I know it's probably electrical noise, but I've wired up this tach I picked up yesterday (new, aftermarket) strait to the battery + and - terminals, and the coil-side -, and it still jumps as soon as the engine goes about about 1,200 rpm. It seems to work well and fine below there, increases steadily to 1,200 and then just decides to start guessing at the rpm and jumps between 2,000 and 7,000. Any ideas? Bad condenser or something distributor side maybe?
Sam 1969 Firebucket... I mean Rustbird... I mean... you know. Semper Fi
I would reread the direction closely and pay close attention to the distributor applications. If you don't find anything relevant then call the manufacturer.
I think it's unlikely that I've missed a step in the install Jim. Aside from girlish hand strength, I am fairly competent when troubleshooting stuff. I'll link the install guide, but essentially the install steps boil down to:
Black to ground Red to BATT on Run Green to Coil - White (optional) to Dimmer
Even the test mode, to just verify the thing works, says to attach to battery + and -, and coil -. I had it connnected as recommened before, but decided it had a bad/noisy ground so ran the black to battery -, but it's still jumpy.
I think Jim hit on the problem. Different tachs work off different types of signals. Like the MSD box I just put in says it puts out a square wave signal. I'm not sure how many different types of signals there are but it looks like I have to buy an adapter that changes it to something else to run my original tach off it. Check out the install instructions on their site it covers a little bit about tach hook ups.
[quote=Luminous] Black to ground Red to BATT on Run
I'd avoid running wires directly to the battery. Try to hook the RED to an open clip on the fusebox that is only hot when the ignition is engaged, and properly ground the Black to the car frame using an available grounded screw or bolt.
Does the RED wire have an inline fuse?
'68 428 HO M3 Monster, 4-on-the-floor! Need I say more?
I just got out there today and tried to hook up the tach a couple of different ways. Turns out the tach terminal on the MSD box was the ticket. Evidently sends the correct type of signal to run my stock in-dash tach. Very cool. Color me happy.
I lied and have the tach hooked up to a Run Hot clip on the fuse box. There is no fuse inline on the red wire to the tach. I guess I'll get in contact with Sunpro and see if they have any idea, though I'm not totally against putting a HEI/Ignitor in with a new coil and seeing how that works out.

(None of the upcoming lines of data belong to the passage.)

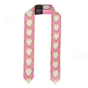 The Gucci Snake and Rhombus Print Neck Bow in Pink is crafted in Italy from pink and ivory silk. This scarf features the interlocking GG logo as a base pattern, a snake and rhombus print, and pointed ends.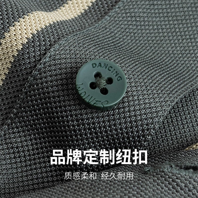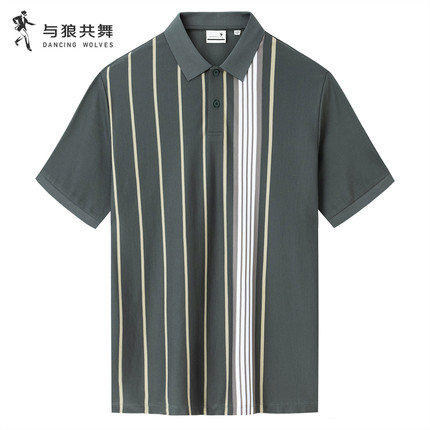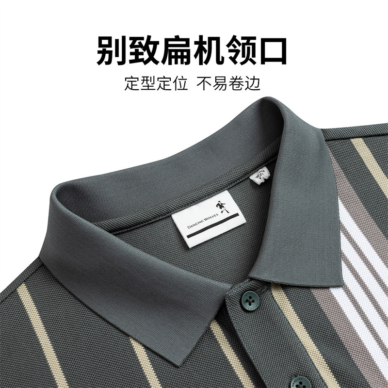 【商场款】与狼共舞翻领短袖T恤男2025夏款竖条纹顺滑透气polo衫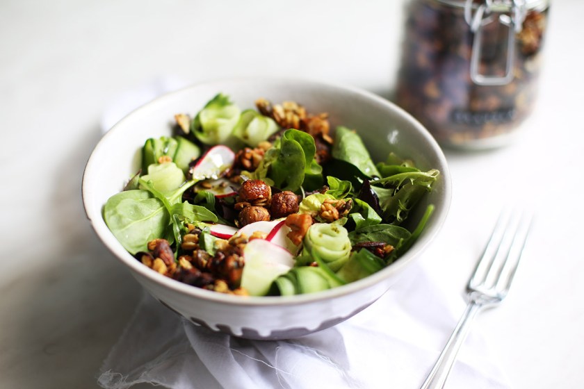 Abends essen wir relativ häufig Salat. Er geht schnell, ist nicht zu schwer und schmeckt uns beiden gut. Damit das nicht zu langweilig wird, mache ich immer gerne verschiedene Toppings dazu. Zur Zeit haben wir immer dieses Senf-Granola oben auf unseren Salat gegeben. Es macht das Ganze noch etwas deftiger, gibt einen gewissen Biss dazu und schmeckt einfach super lecker. Dieses Granola kann man von den Nüssen her variieren wie man mag, wichtig ist hierbei, die Nüsse (Haselnüsse) etwas aufzubrechen, sonst werden sie im Ofen zu kleinen tickenden Zeitbomben. Ich bin generell ein großer Fan von Senf, bin mir aber sicher, dass das Ganze auch super mit Meerrettich schmecken könnte. Probiert es doch einfach einmal aus :)  Zutaten (für ein großes Einmachglas): 1 handvoll Haselnüsse 1 handvoll Sonnenblumenkerne 1 handvoll Walnüsse 1 handvoll Kürbiskerne 1 handvoll Haferflocken 4 EL Senf (mittelscharf) 4 EL Kokosöl (geschmolzen) 1 Prise Salz 1 TL Curry 1. Alle Zutaten zusammen in einer großen Schüssel vermischen bis alle Nüsse mit einer Schicht der Senfmasse ummantelt sind. Auf einem großen Backblech verteilen und …

Sam 1969 Firebucket... I mean Rustbird... I mean... you know. Semper Fi
Marine, don't replace working ignition parts just to get the tach running. The tach is not required to drive that car of yours.

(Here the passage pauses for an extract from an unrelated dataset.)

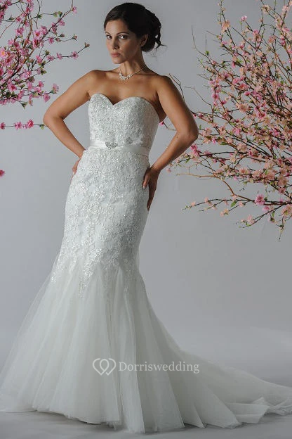 Sweetheart Lace Top Mermaid Bridal Gown With Satin Sash And Tulle Skirt

As a lessons learnt for your books: I ALWAYS splice an inline fuse assembly into any hot wire going to the fusebox or the battery.
Most electric components (stereos, amps, tachs, aftermarket lights, etc) require it based on operating amperage requirements. It may be redundant protection in some cases but it is safer to err on that side.

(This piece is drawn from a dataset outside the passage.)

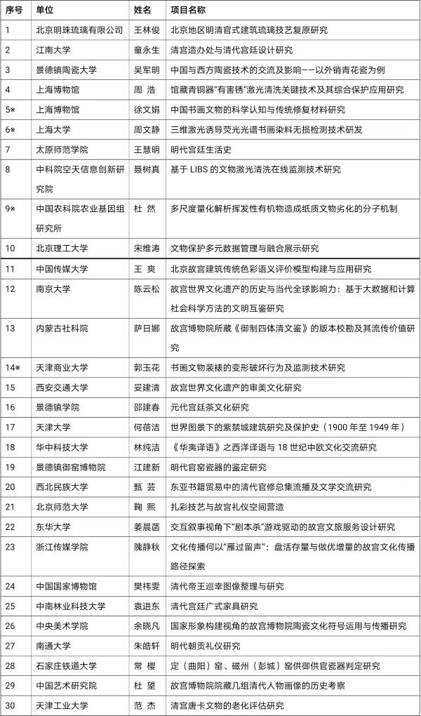 故宫博物院第二期“开放课题”立项名单。(故宫博物院供图)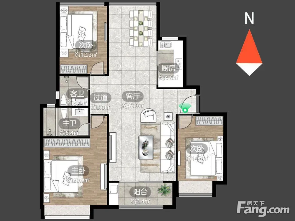 户型齐全,主打户型方正,卧室朝南三居

In my humble (blown a few electric parts in the old days) opinion.
'68 428 HO M3 Monster, 4-on-the-floor! Need I say more?
Thanks for the advice John, I didn't think that the tach would pull that much of current though, and since the manufacturer didn't supply an inline fuse I never thought about it.
The tach isn't so much for looks as it is function, and at this point in the project it's a troubleshooting device. But of course, this troubleshooting device needs troubleshooting. An ignition upgrade was something I had planned on doing down the line, so it's not that I'm thinking of spending $300 to get a $30 tach to work, but if it also solved that problem, then I could see moving it up a few spots on the To Do list.
While the car does start and (used to) drive, some of the stuff I've seen done to this car make almost every system suspect to me, so replacing the ignition with at least an Ignitor doesn't seem to be too crazy to me. Especially when the last time I messed with points and condensers was with my '77 GS550, and that was coincidentally the last time I ever wanted to mess with points and condensers.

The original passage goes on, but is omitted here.